* [ENTRIES SUPPLIED]
::::::::

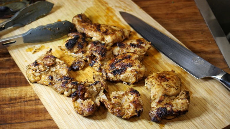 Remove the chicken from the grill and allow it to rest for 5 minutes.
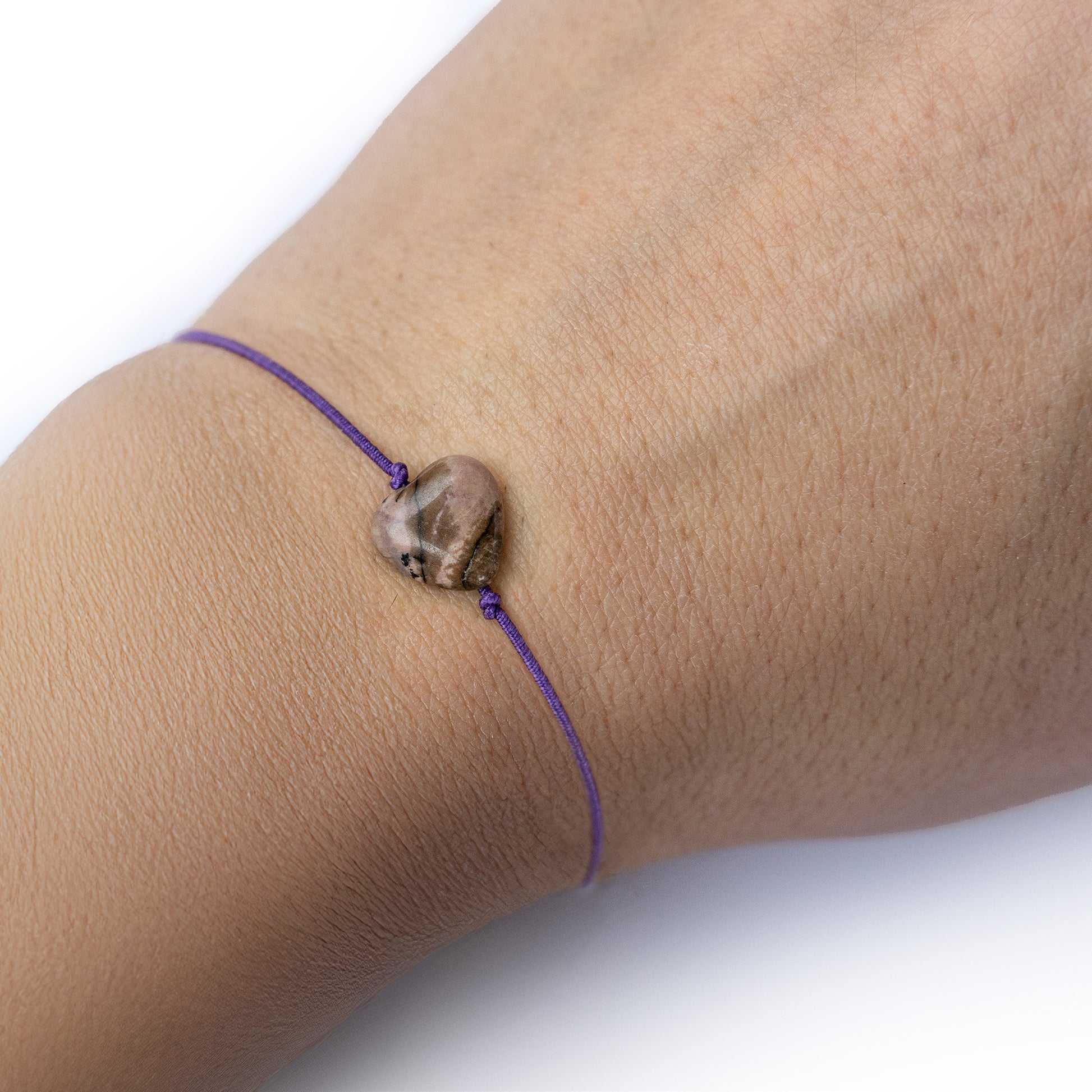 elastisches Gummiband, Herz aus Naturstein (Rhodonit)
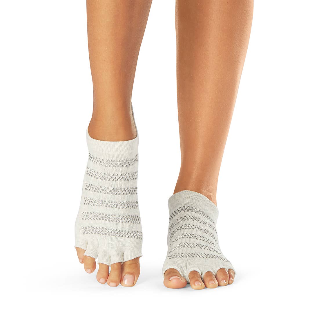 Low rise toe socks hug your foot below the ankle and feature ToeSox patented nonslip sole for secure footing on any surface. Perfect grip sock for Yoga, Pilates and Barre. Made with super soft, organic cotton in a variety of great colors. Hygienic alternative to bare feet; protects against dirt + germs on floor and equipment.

::::::::

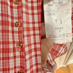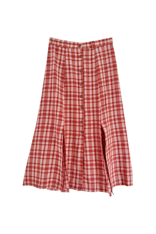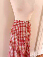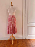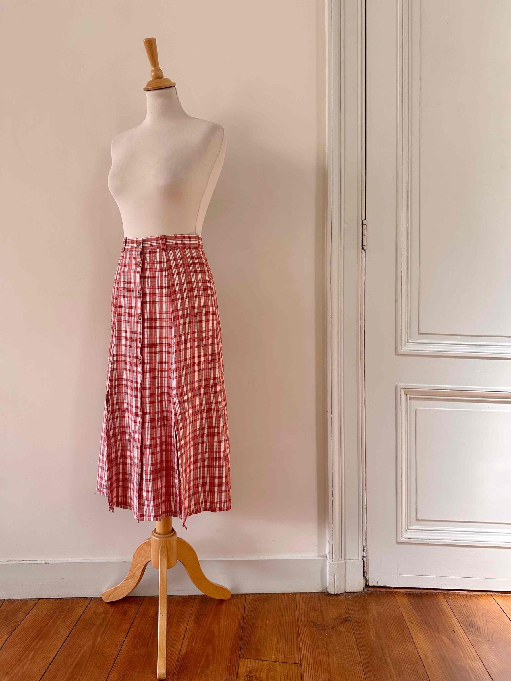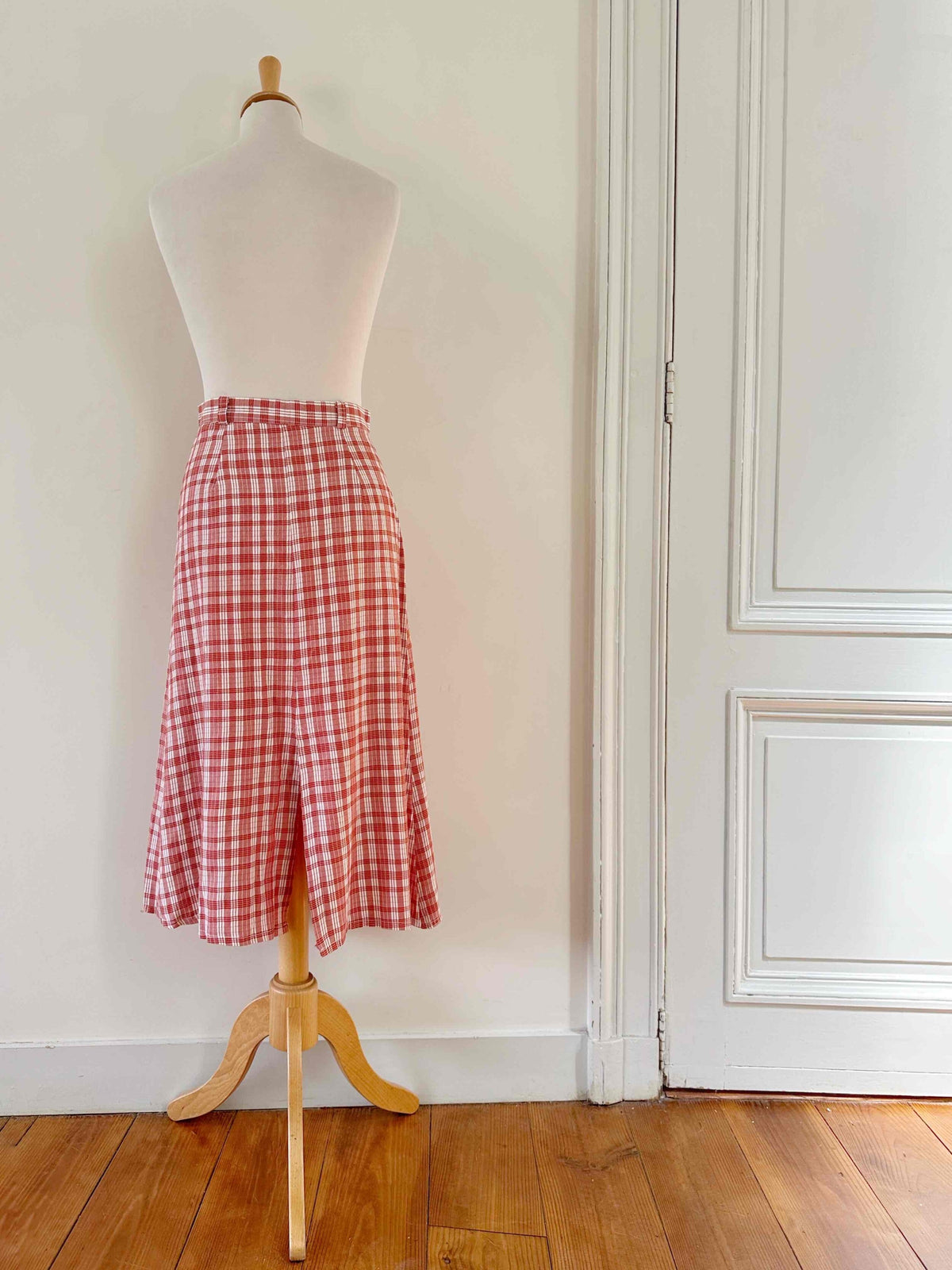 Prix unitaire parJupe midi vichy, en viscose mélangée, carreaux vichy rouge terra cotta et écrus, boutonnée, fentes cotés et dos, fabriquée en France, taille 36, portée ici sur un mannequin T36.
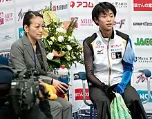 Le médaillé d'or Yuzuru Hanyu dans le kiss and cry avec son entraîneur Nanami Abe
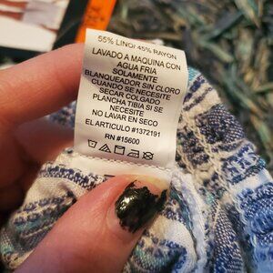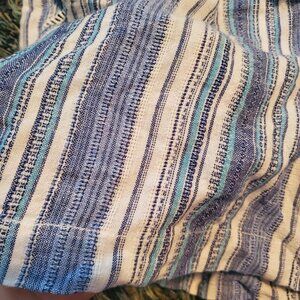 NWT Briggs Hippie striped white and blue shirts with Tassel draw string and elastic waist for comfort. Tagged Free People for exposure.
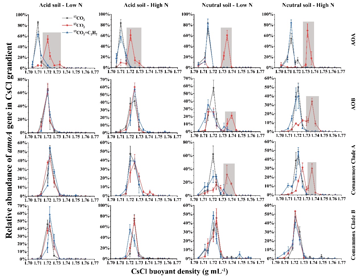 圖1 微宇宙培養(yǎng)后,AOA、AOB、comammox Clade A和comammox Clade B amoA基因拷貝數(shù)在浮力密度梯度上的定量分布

::::::::

* [WHAT NEEDS TO BE DONE] Exact copy, no pictures. Write out the lines in the entries above, starting with the line with "Remove the chicken" and going on through the line with "Low rise toe", keeping both.

* [YOUR SOLUTION]
 Remove the chicken from the grill and allow it to rest for 5 minutes.
 elastisches Gummiband, Herz aus Naturstein (Rhodonit)
 Low rise toe socks hug your foot below the ankle and feature ToeSox patented nonslip sole for secure footing on any surface. Perfect grip sock for Yoga, Pilates and Barre. Made with super soft, organic cotton in a variety of great colors. Hygienic alternative to bare feet; protects against dirt + germs on floor and equipment.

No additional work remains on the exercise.